We could run out of data to train AI language programs
The thing is, the types of data commonly used to train language models could be used up in the near future—as early as 2026, According to a paper by researchers from Epoch, an AI research and forecasting organization, has yet to be peer-reviewed. The problem stems from the fact that, as researchers build more powerful models with greater capabilities, they have to find more texts to train them. Teven Le Scao, a researcher at AI firm Hugging Face who was not involved in Epoch’s work, said large language model researchers are increasingly concerned that they will run out of this kind of data.

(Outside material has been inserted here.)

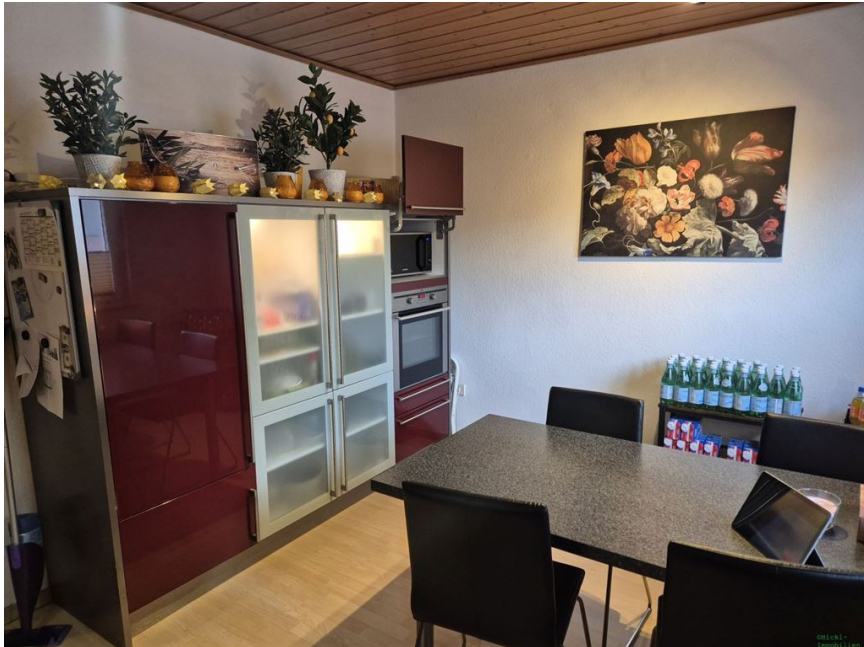
Küche OG 1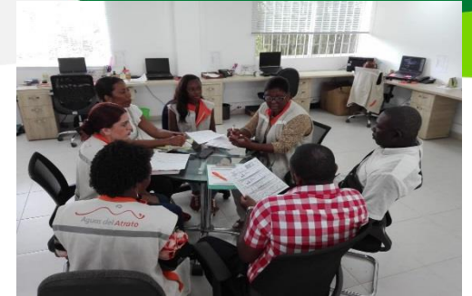
Reunión de socialización a ediles de la comuna 2.

Participación en reunión para socialización de trabajos del proyecto de alcantarillado en la zona centro. Participaron (7) personas.

The problem partly stems from the fact that AI language researchers filter the data they use to train models into two categories: high-quality and low-quality. Pablo Villalobos, a staff researcher at Epoch and lead author of the paper, said the line between the two types can be blurred, but text from the former is considered better written and is often produced by professional writers.
Data from low-quality categories includes texts such as social media posts or comments on sites like 4chan and far exceeds data that is considered high-quality. Researchers usually only train models that use data of the high quality because that’s the kind of language they want the models to reproduce. This approach has yielded some impressive results for large language models such as GPT-3.
According to Swabha Swayamdipta, a University of Southern California machine learning professor who specializes in data set quality, one way to overcome these data limitations is to reevaluate what is defined as “low” quality. and “tall”. If the lack of data pushes AI researchers to incorporate more diverse datasets into the training process, that would be a “net positive” for language models, says Swayamdipta.
Researchers can also find ways to extend the life of the data used to train language models. Currently, large language models are only trained on the same data once due to performance and cost constraints. But it is possible to train a model multiple times using the same data, says Swayamdipta.
Some researchers believe that bigger doesn’t equal better anyway when it comes to language models. Percy Liang, a professor of computer science at Stanford University, says there is evidence that creating more efficient models can improve their performance, rather than just increasing in size.
“We have seen how smaller models trained on higher quality data can perform better than larger models trained on lower quality data,” he explains.